In these days where everyone seems to frantically text, browse and communicate using all methods except language, educators find a tremendous difficulty to catch their students’ attention. As even seasoned teachers struggle over and over with the short attention span of their students, who seem to value only immediate results, monosyllabic words, or the use of emoticons instantly available at the tip of their fingers, we could ask: is there any value in learning a language such as Latin? Has not Latin been ‘dead’ for centuries?

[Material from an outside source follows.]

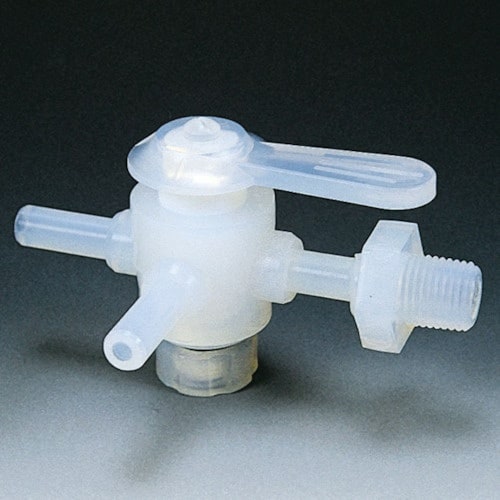 オールPFA製です。三方バルブ(枝管2ヶ所×オネジ接続)です。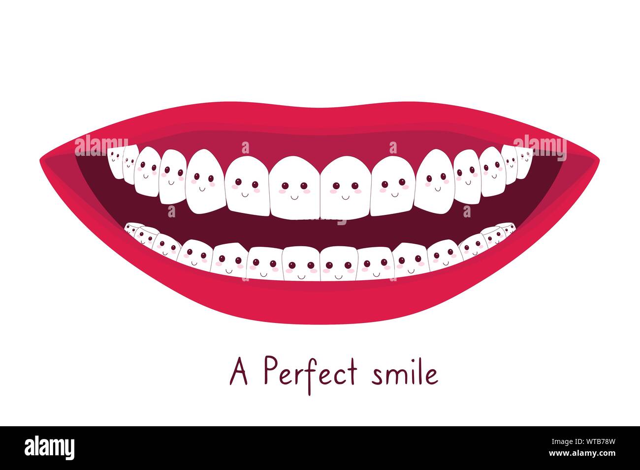 Illustration De La Bouche De Sourire Avec Des Dents Blanches Parfaites Et Des Lèvres Rouges Éléments Isolés Vectoriels Vecteurs libres de droits et plus d'images vectorielles de Appareil dentaire - iStock

Language, the key to education.
The function of education is preparing students to be useful members of society. And one of the definite goals of education is teaching the young to understand the interaction of the fundamental components of society: social, civil, political and religious spheres. These spheres are important because they compose the nature and the character of our culture. As long as ideas are important and as long as we want our young citizens to become part of the larger life of the Nation, understanding these four fundamental elements of society becomes the utmost priority in education.
What is then the key element then, to unable our parents and educators to share a round and wholistic formation with their students and children? Language. “Language is the supreme instrument in education – affirms XIXth Century American classic educator Charles E Bennett,- because language deals with ideas. Language promotes intellectual discipline, brings about intellectual development and power, opens the mind to intellectual concern and”- best of all- “the analysis of language demands precise and refined thinking.”
So why Latin?
“By the study of language, -continues Charles Bennett- is meant the study of one’s own language, but the study of one’s own language is achieved incomparably better by the indirect method of studying another language. Only so can the necessary processes of comparison be effectively instituted. And Latin is of value because it confers a mastery over the resources of one’s mother tongue.”

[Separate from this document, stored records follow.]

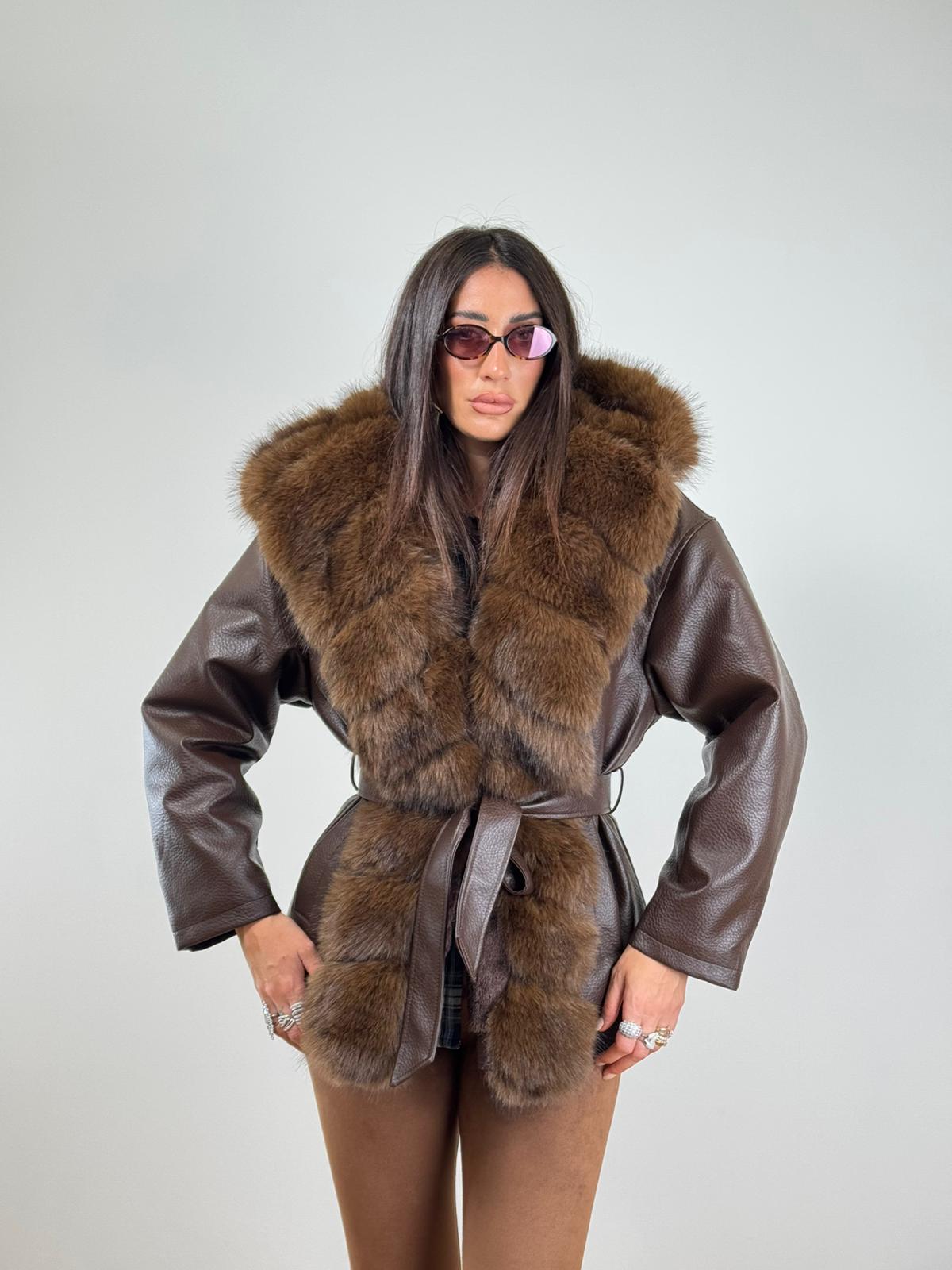 Giubbino ECOPELLE PELLICCIA MARRONE 11752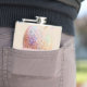 Well made flask, a little better than I had expected. Flask came in clear plastic box which gave it a nice presentation when I took it out of the zazzle packaging. Image is not printed on flask but on sticker. Don't know how this will hold up I haven't used it yet. This would make a Great gift! I plan to purchase more for friends! Cheers. I thought a little brighter than computer. Very crisp, writing wasn't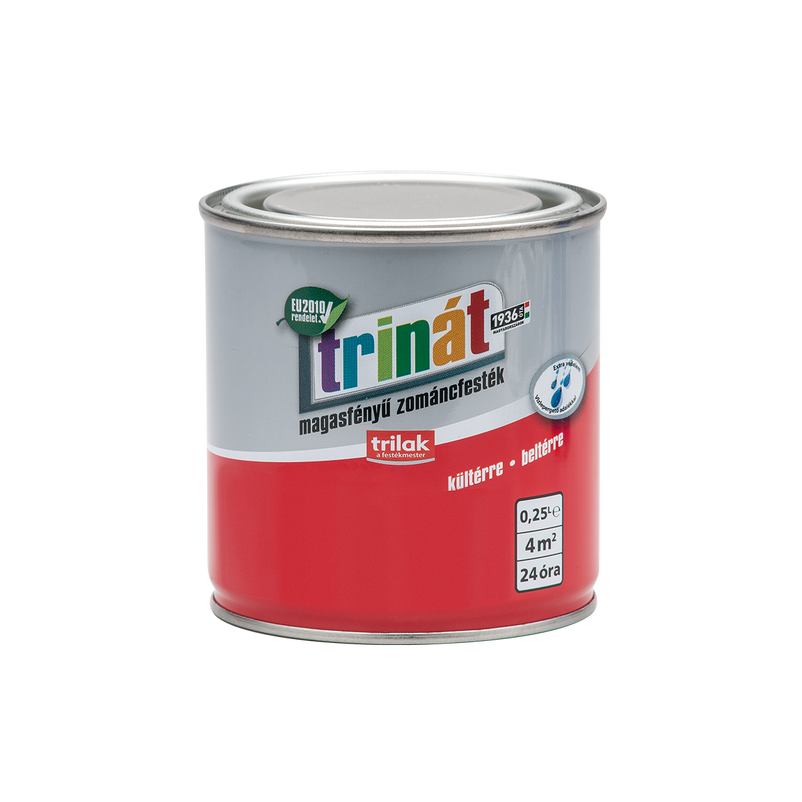 Trinát magasfényű alkidgyanta kötőanyagú zománcfesték. Vízlepergető adalékainak köszönhetően képes a bevont felületeket megvédeni az időjárás káros hatásaitól és késleltetni a korhadást, korróziót. Alapozott kül- és beltéri fafelületek (bútorok, nyílászárók stb.) és beltéri falfelületek (lépcsőházak, iskolák), továbbá kül- és beltéri fémszerkezetek (kerítés, csövek stb.) átvonó festésére használható. Használat előtt alaposan fel kell keverni! Nem szükséges hígítani, amennyiben mégis szükséges, ecsettel történő alkalmazáshoz max. 2% Trinát szintetikus hígítóval ajánlott. A bevonandó felület legyen száraz, pormentes, hordképes, megfelelően előkészített. Faanyagok esetén az anyag max. 5% nedvességtartalmú lehet. A festék felhordása ecsettel, lakkhengerrel vagy szóróberendezéssel javasolt 2 rétegben. 12 óra elteltével átfesthető, a teljes száradási idő 48 óra. A kép csak tájékoztató jellegű! A termék színei különbözhetnek a monitoron látottaktól. Színhelyes mintákért látogasson el áruházainkba, ahol személyesen válogathat változatos kínálatunkból.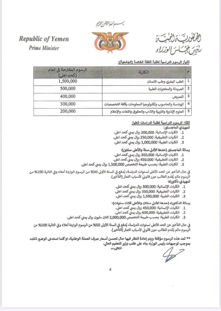 الكليات الطبية بحسب طبيعة التخصص 1,500,000 ريال يمني كحد اعلى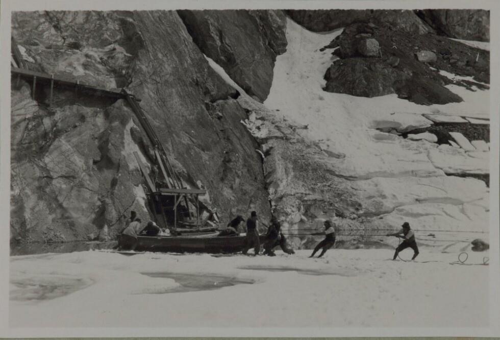 • Neun Arbeiter beim Ziehen des Landbootes auf dem See, Holzbauwerk und Behelfsmittel im Hintergrund

So, for example, by learning derivatives (English words with Latin roots) and other traditional topics, Latin students acquire a mastery over the resources of their own native language, and – most importantly-, they are able to learn the precise meaning of words. Most likely, many of our youngsters will not reach the degree of proficiency necessary to translate Virgil or Tacitus… but by enjoying an early exposure to Latin, they will be on their way to developing a strong sense of form, style, and- most importantly – they will count on the indispensable and invaluable equipment of a truly educated adult: the capacity of expressing directly, clearly, precisely and with effect.
Where to start?
Many resources online provide an extensive list of Latin resources for teachers, parents and even for the self-taught. But we have to remember that learning Latin can be fun and relaxing. For this purpose, we recommend a very interesting resource: Asterix in Latin, available the indomitable Gaulish hero official website www.asterix.com
The album even provides a Teacher’s guide (in French), a glossary to allow everyone to master etymology and even 27 famous phrases, to help you and your little ones discover a most interesting an unusual way to explore the Latin language, by Toutatis! Enjoy!